* [Exercise instructions] Retype the lines from the one containing "여성용 드로스트링 플리츠" through the last line of the entries below, exactly and in full, omitting every image.
BEGIN
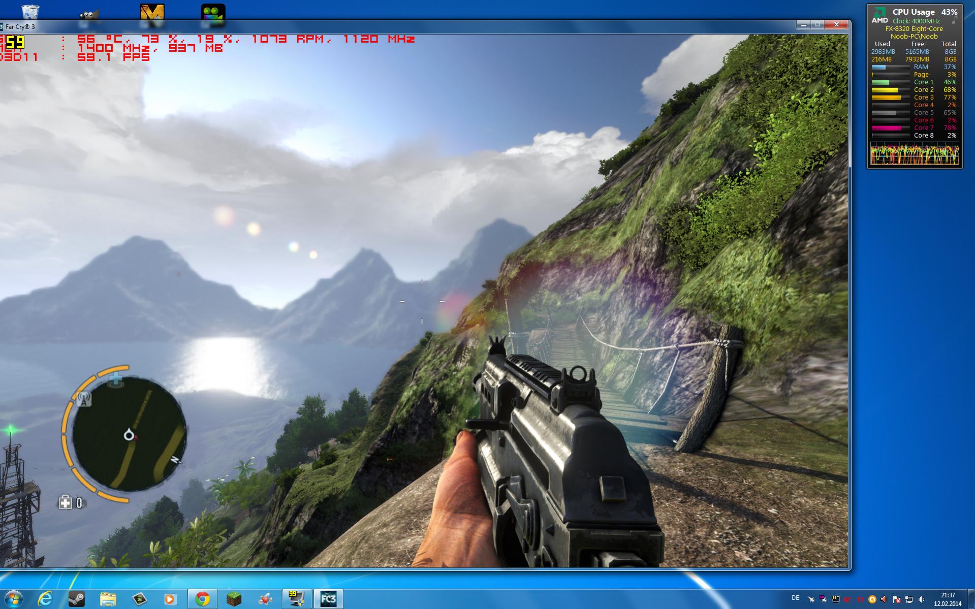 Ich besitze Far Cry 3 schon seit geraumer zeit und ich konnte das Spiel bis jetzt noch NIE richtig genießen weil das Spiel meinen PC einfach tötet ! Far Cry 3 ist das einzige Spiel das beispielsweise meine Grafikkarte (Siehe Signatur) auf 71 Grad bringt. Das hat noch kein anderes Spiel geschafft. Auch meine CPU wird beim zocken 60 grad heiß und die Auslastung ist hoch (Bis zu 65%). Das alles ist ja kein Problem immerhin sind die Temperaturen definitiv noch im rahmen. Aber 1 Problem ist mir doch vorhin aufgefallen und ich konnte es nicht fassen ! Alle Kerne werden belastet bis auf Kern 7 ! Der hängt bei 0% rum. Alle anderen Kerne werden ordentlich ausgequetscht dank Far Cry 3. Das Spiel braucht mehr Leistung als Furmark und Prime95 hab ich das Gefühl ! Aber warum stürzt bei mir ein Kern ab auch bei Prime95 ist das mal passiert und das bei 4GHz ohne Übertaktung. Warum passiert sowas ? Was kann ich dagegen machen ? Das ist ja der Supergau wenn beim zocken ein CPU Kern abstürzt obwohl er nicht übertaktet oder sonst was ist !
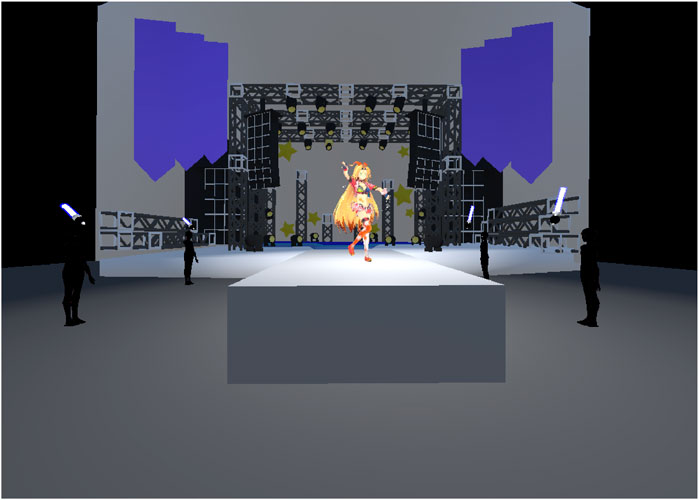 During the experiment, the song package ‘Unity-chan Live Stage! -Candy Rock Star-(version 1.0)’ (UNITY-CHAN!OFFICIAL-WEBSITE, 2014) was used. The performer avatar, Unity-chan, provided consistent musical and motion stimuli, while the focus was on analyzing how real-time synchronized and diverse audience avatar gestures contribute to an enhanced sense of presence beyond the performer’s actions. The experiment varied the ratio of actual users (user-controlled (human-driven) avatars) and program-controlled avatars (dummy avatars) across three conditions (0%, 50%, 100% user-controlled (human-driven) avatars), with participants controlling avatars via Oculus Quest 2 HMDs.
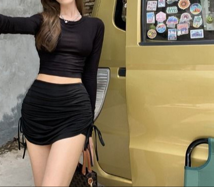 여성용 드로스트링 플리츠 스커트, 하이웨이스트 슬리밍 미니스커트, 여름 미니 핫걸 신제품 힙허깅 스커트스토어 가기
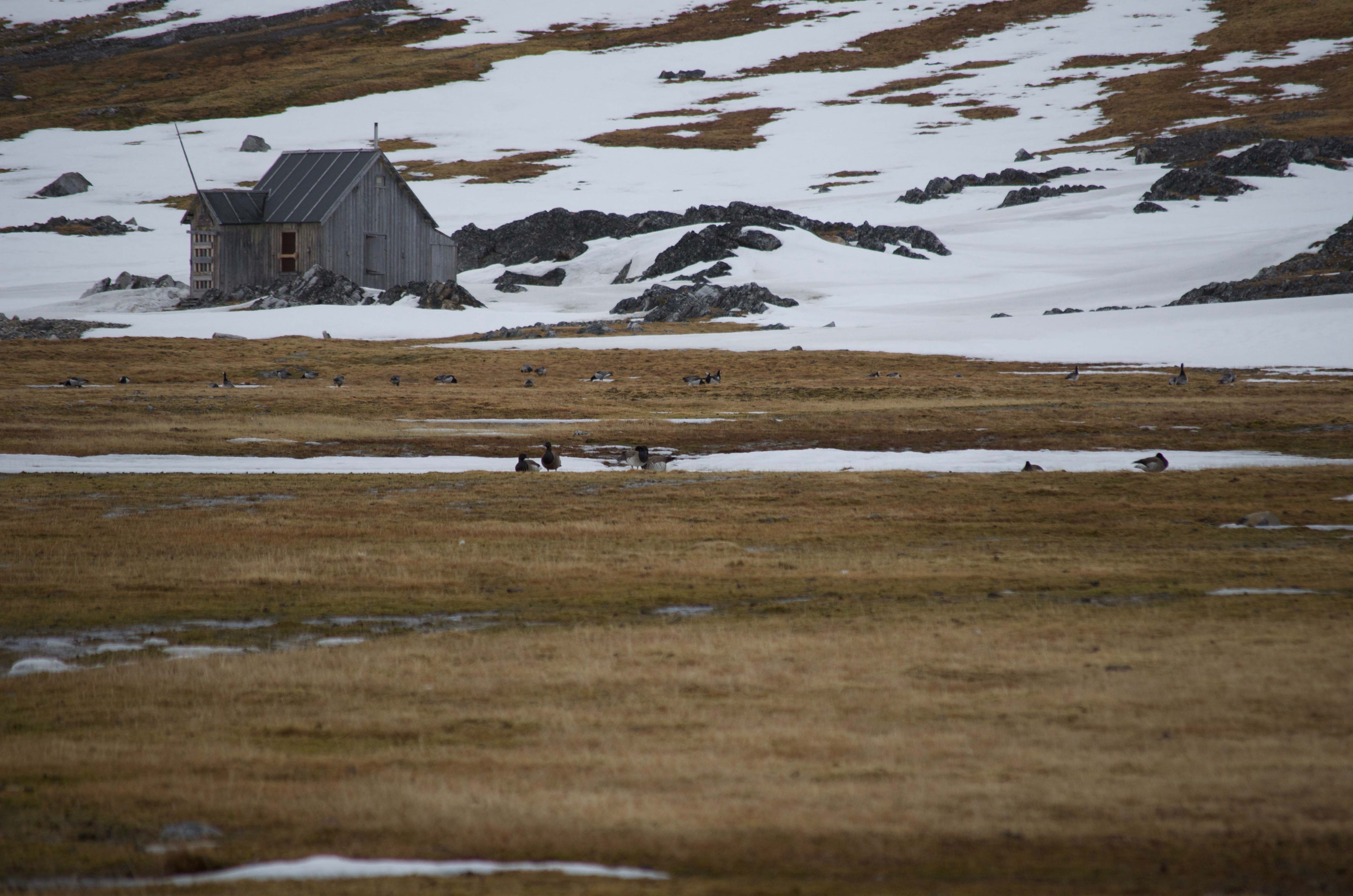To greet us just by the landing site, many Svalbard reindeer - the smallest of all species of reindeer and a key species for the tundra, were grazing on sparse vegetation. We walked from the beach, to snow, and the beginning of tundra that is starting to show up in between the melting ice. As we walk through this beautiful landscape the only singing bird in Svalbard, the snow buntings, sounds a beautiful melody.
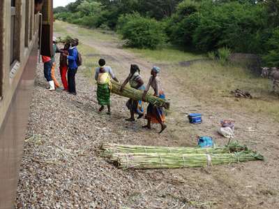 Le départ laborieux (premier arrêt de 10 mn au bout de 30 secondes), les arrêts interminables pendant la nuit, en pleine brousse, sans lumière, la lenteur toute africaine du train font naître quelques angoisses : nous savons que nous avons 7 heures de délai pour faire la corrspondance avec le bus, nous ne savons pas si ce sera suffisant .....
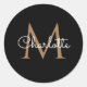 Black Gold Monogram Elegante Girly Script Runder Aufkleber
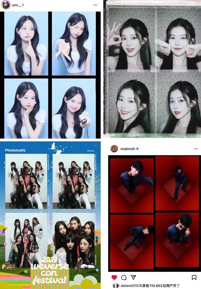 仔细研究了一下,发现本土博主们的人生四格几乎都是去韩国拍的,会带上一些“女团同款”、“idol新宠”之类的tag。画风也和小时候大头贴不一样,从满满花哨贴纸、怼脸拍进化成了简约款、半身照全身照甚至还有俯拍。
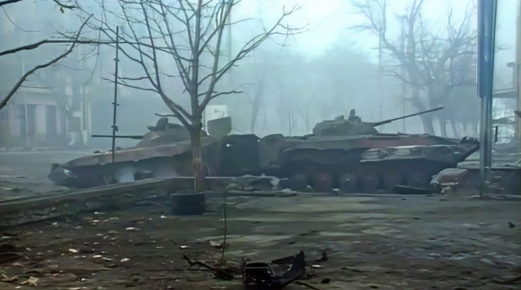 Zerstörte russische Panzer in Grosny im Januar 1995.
END
* [Response to the task]
 여성용 드로스트링 플리츠 스커트, 하이웨이스트 슬리밍 미니스커트, 여름 미니 핫걸 신제품 힙허깅 스커트스토어 가기
To greet us just by the landing site, many Svalbard reindeer - the smallest of all species of reindeer and a key species for the tundra, were grazing on sparse vegetation. We walked from the beach, to snow, and the beginning of tundra that is starting to show up in between the melting ice. As we walk through this beautiful landscape the only singing bird in Svalbard, the snow buntings, sounds a beautiful melody.
 Le départ laborieux (premier arrêt de 10 mn au bout de 30 secondes), les arrêts interminables pendant la nuit, en pleine brousse, sans lumière, la lenteur toute africaine du train font naître quelques angoisses : nous savons que nous avons 7 heures de délai pour faire la corrspondance avec le bus, nous ne savons pas si ce sera suffisant .....
 Black Gold Monogram Elegante Girly Script Runder Aufkleber
 仔细研究了一下,发现本土博主们的人生四格几乎都是去韩国拍的,会带上一些“女团同款”、“idol新宠”之类的tag。画风也和小时候大头贴不一样,从满满花哨贴纸、怼脸拍进化成了简约款、半身照全身照甚至还有俯拍。
 Zerstörte russische Panzer in Grosny im Januar 1995.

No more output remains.